Assim, ‘Lugares Escuros’ é adaptação direta de ‘Dark Places’ (até porque o título é um tradução literal), sem tirar nem por. É de uma literalidade explícita, que praticamente escancara qualquer virtuosidade que possa existir no texto. Se isso pode ser extremamente relevante para os fãs da autora; em se tratando de cinema, esbarra na mesmice e nos clichês dos suspenses mais banais.
Obviamente que a ‘culpa’ não é de Flynn e sim de Gilles Paquet-Brenner, que sempre esforçou-se para dirigir fitas dramáticas, como filmes de terror b. Não é nenhum demérito, e de certa forma funciona muito bem em algumas obras de sua filmografia (tal como em ‘A Chave de Sarah’, que está mais para um suspense). No entanto é uma catástrofe em outras (como em ‘Gomez Vs. Tavréz’, que é uma comédia de ação). Para o bem e para o mal, seu estilo não muda e dificilmente será ‘melhorado’ à medida do tempo.

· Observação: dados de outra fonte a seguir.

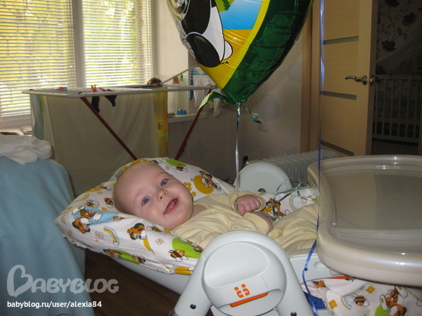 Ой, какая у вас клёвая расцветка стульчика! Кстати мы сейчас тоже любим с шариками играться :)
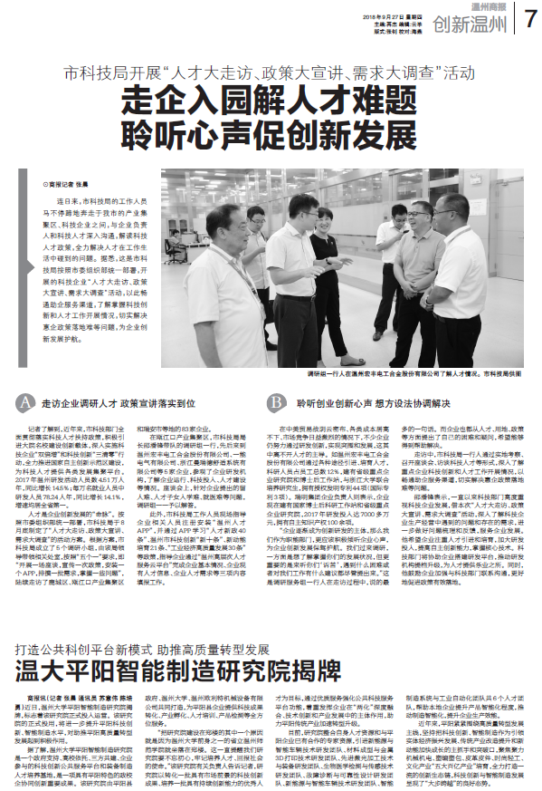 “把研究院建设在郑楼的其中一个原因就是因为开云电子(中国)官方网站_开云电子(中国)官方网站前身之一的省立温州师范学院就坐落在郑楼。这一直提醒我们研究院要不忘初心,牢记培养人才、回报社会的使命。”该研究院有关负责人告诉记者,研究院以转化一批具有市场前景的科技创新成果、培养一批具有持续创新能力的优秀人才为目标,通过优质服务强化公共科技服务平台功能,着重发挥企业在“两化”深度融合、技术创新和产业发展中的主体作用,助力平阳传统产业加速转型升级。
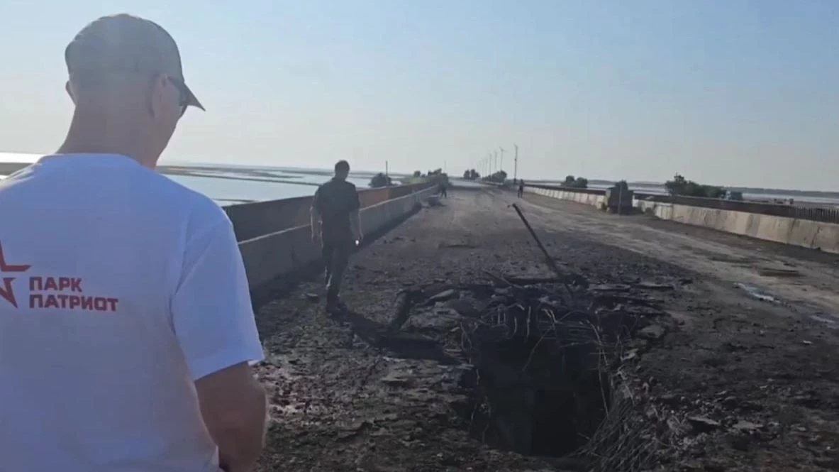 Один из снарядов повредил дорожное полотно, оставив в нем отверстие димаметром один на два метра. Ранее сообщалось, что согласно предварительным данным, по мосту выпустили ракеты Storm Shadow.
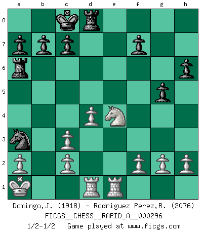Last move : 1/2-1/2 2023 September 27 22:46:24 [Event "FICGS__CHESS__RAPID_A__000296"] [Site "FICGS"] [Date "2023.07.11"] [Round "1"] [White "Domingo,Jordi"] [Black "Rodriguez Perez,Rene"] [Result "1/2-1/2"] [WhiteElo "1918"] [BlackElo "2076"] 1.e4 e6 2.d4 d5 3.Nc3 Nf6 4.Bg5 h6 5.Bxf6 Qxf6 6.exd5 Bb4 7.Bb5+ Bd7 8.Bxd7+ Nxd7 9.dxe6 Bxc3+ 10.bxc3 Qxe6+ 11.Qe2 Qxe2+ 12.Nxe2 O-O-O 13.O-O-O Nb6 14.Rhe1 Rd5 15.Nf4 Ra5 16.Kb2 Nc4+ 17.Ka1 g5 18.Nh5 Rd8 19.Nf6 Na3 20.Kb2 Nc4+ 21.Ka1 Ra6 22.Ne4 Na3 23.Kb2 Nc4+ 24.Ka1 Na3 25.Kb2 Nc4+ 26.Ka1 Na3 1/2-1/2 Follow this game move after move (download)A chess genius has died; a loss for humanity. (Viktor Kortchnoi, about Bobby Fischer's death) Ich bin der einzige Schachspieler, der sich während der Vorbereitungen zum Turnier verletzt hat. (Woody Allen) El Ajedrez es el juego mas altamente simbólico, pero las agresiones estan por lo tanto aún mas francamente representadas en la partida. Tal vez comenzo como un juego de guerra; Algo como la representación de una batalla en miniatura entre las fuerzas de dos reinos. (Karl Meninger) L'attaque fait le spectacle, la défense gagne les matchs. (Dicton footballistique) The next best thing to gambling and winning is gambling and loosing. (Nick Dandalos)
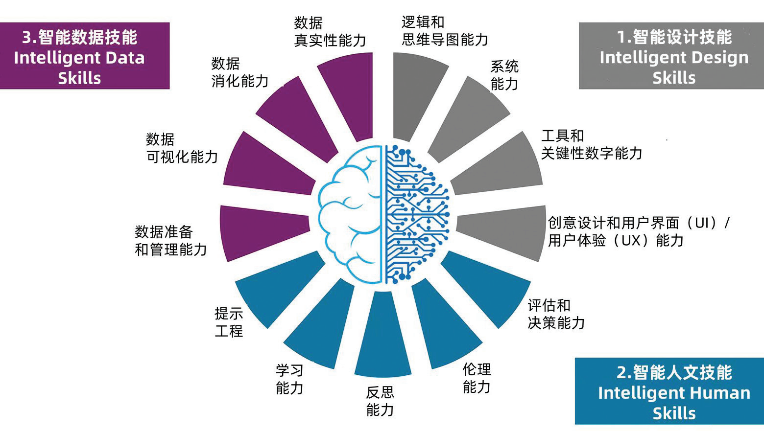 人類與人工智能之間強大的協(xié)同是世界快速發(fā)展的關(guān)鍵,而高校在塑造人工智能融合的未來方面發(fā)揮著舉足輕重的作用。這就要求進行靈活、創(chuàng)新和高瞻遠矚的教育改革,超越傳統(tǒng),培養(yǎng)能夠熟練運用人工智能推動社會進步的積極主動的領(lǐng)導(dǎo)者。這項改革的關(guān)鍵是培養(yǎng)三種能力——智能人文技能、智能數(shù)據(jù)技能和智能設(shè)計技能,并將其完美地融入課程和實踐中。這些能力對于培養(yǎng)學(xué)生的倫理素養(yǎng)、批判性思維和解決問題的能力至關(guān)重要,使學(xué)生有能力成為敏捷的創(chuàng)造者。
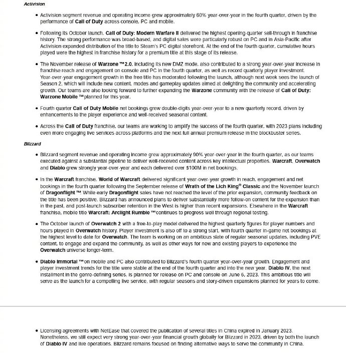 具体到暴雪部门,其Q4 收入同比增长 89.5%,达到了 7.94 亿美元,营收增长 93%。这主要归功于《守望先锋2》的推出,以及《魔兽世界》和《暗黑破坏神》系列的持续增长。另外,暴雪在财报中再次表示,公司仍在寻找“替代方式”为中国玩家提供游戏。![]()
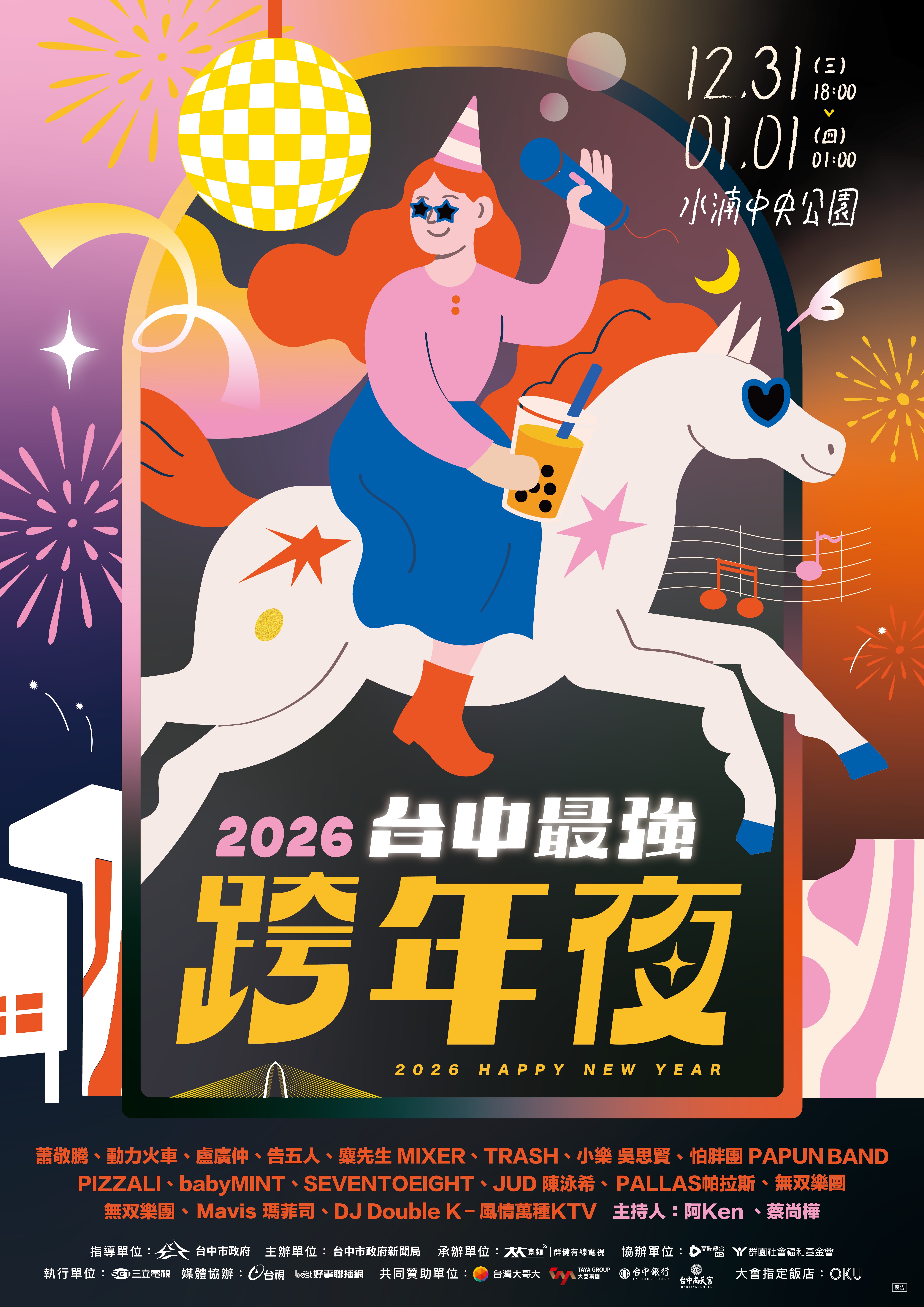 「臺中最強跨年夜」,今年再次在水湳中央公園熱鬧登場!繼金曲歌王蕭敬騰、文青天團告五人、經典天團動力火車後,「三金滿貫歌王」盧廣仲與青春能量爆棚的怕胖團加入陣容,將陪伴市民一路嗨到凌晨1點。主持陣容則由阿KEN十度回歸,再度用「Ken式幽默」帶動全場氣氛。

Além disso, soa como um verdadeiro desperdício ter um elenco com nomes como Chloë Grace Moretz, Charlize Theron, Nicholas Hoult, Corey Stoll, Tye Sheridan e Christina Hendricks, e não demonstrar as peculiaridades que se destacam em cada um dos personagens. Para termos de comparação, Fincher em todo primeiro ato de ‘Garota Exemplar’ demonstrou que as incertezas pairavam até sobre os personagens mais rasos e definidos. Gilles por sua vez gasta em torno de 2 horas, e desenvolve pouco os personagens e seus específicos universos.
Dificilmente ‘Lugares Escuros’ cairá no gosto do público cinematográfico. Se não existem diferenças taxativas em termos de narrativa, a concepção e desenvolvimento dos personagens pesa bastante contra o filme. Longe de ser ruim, o diretor francês torna um exercício do estudo da personalidade em algo banal, tal como distribuir papeis no teatro (não que isso seja simples).
Um dos principais lemas de Sigmund Freud parece ter sido esquecido, mas ainda assim referenciado dentro do filme: “Quando a dor de não estar vivendo for maior que o medo da mudança, a pessoa muda”. Não é uma máxima, muito menos um norte, mas poderia muito bem ser levado em conta ao tratar de uma obra tão complexa.